On cloud detection with multi-temporal data

A pair of data scientists’ experiences with their heads among the clouds

by Jernej Puc and Lojze Žust

Our story begins with Sinergise entering the Cloud Masking Inter-comparison Exercise (CMIX), an international collaborative initiative, which is expected to contribute to a better understanding of the strengths and weaknesses of different algorithms. As cloud masking is crucial for retrieval of accurate surface reflectances within atmospheric correction processes, taking part in the initiative presented us with an opportunity to reexamine our existing methods and consider potential alternatives. Specifically, a multi-temporal processor had been long on our radar, and it was high time we brought it about.


At Sinergise, we make extensive use of s2cloudless, our single-scene (mono-temporal) cloud detector. Publicly available since January 2018, it was developed as a fast machine learning algorithm, which could detect clouds in near real-time and give state-of-the-art results among the competition. Indeed, it performed well in validation on hand-labeled data provided by Hollstein et al.¹, as demonstrated in the original blog post, which covers the process of s2cloudless’ development.

s2cloudless appears to handle most situations properly.

However, there are certain scenarios, in which it misses the mark. Bright objects such as houses, dirt roads, beaches, desert sand, and snow, for example, are known to be potential sources of issues.

Examples of beaches, desert sand, and snow, which confuse the classifier.

Observing the reflectance values of misclassified pixels, they can appear so alike actual clouds that our current setup might be practically unable to distinguish between them. One way of tackling this problem would be to use additional context from the area surrounding the pixel, since one can usually discern between objects, such as houses and clouds, by their shape alone. A convolutional network might be apt for this approach, but can be too demanding for the amount of data that we are dealing with.

The second approach focuses on additional observations of the same geographic area but on different dates. Structures, which are frequently misclassified, can be expected to change very little over time. Therefore, observing an area over multiple time frames, one should be able to accurately perceive which cloud-like pixels are permanent (houses, beaches, etc.) and which are temporary (actual clouds). In one way or another, this is the intuition behind all multi-temporal cloud detectors.

An example of an area that is repeatedly misclassified.

The state of the art

Since the original blog post was published, there were still only a few algorithms that relied on multi-temporal data for cloud detection. Of those, we regarded MAJA² as the most accurate, based on past experiences.
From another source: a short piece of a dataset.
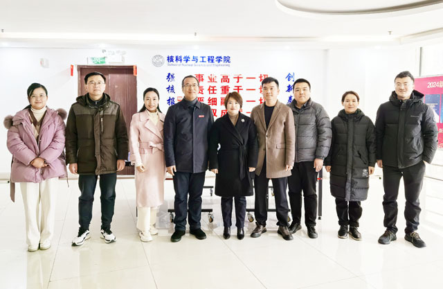 刘义保首先致欢迎词,对章明金一行在这大雪纷飞的冬季驱车千里来校为核学科专业捐赠6万元奖学金、洽谈校企合作表示欢迎和感谢,并简要介绍了学校的办学历程和核工学院在核学科专业建设、科研创新、人才培养等方面取得的成绩。他指出,百年大计教育为本,核科学与工程学院教育事业发展取得的良好成就,离不开学校领导的关心支持和行业系统、社会各界的鼎力相助。他表示,安徽钱洪环保科技有限公司与核工学院开展合作交流,是校企双方在科学研究、人才培养理念上的共识,希望今后在深化交流合作、促进强强联手中实现共赢发展。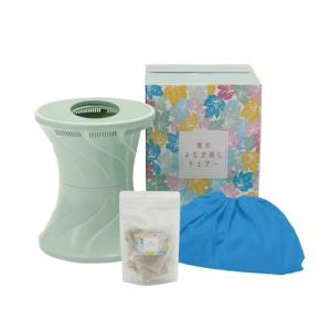 よもぎ蒸しチェアー スターターキット マント:ブルー 自宅 椅子 セット 家庭用 国産よもぎ 薬草 温活 冷え性 座浴器 丸型 格安 フェムケア はじめてセット

MAJA (MACCS ATCOR Joint Algorithm) actually performs more than just cloud detection: it detects clouds and their shadows, estimates aerosol optical thickness and water vapour content, and corrects for atmospheric effects. It is a full-fledged atmospheric correction processor and has been applied to several satellites. However, it is admittedly complicated and not easy to use.

Instead of relying on specific mono and multi-temporal criteria as MAJA does, we opted for the machine learning approach and encountered a familiar problem: the lack of a large high quality labeled data set, on which we could train our algorithm.

With s2cloudless, we turned to the second-best option and used a collection of MAJA’s cloud masks as a proxy for ground truth. This time around, we had no choice but to do the same, although the question of sensibility thus became more prominent; since s2cloudless is itself mono-temporal, using a multi-temporal algorithm as a reference seemed much less of an issue.

Building a multi-temporal algorithm

After assembling our data set, we considered the design of s2cloudless as a starting point and decided to train a classifier based on the LightGBM³ model architecture as well. Relying merely on reflectance values of selected spectral bands was not an option in our case, as we needed to handle variability in the number of time frames of the input, which should not be expected to be consistent. Instead, additional multi-temporal features had to be extracted with some sort of statistical feature aggregation.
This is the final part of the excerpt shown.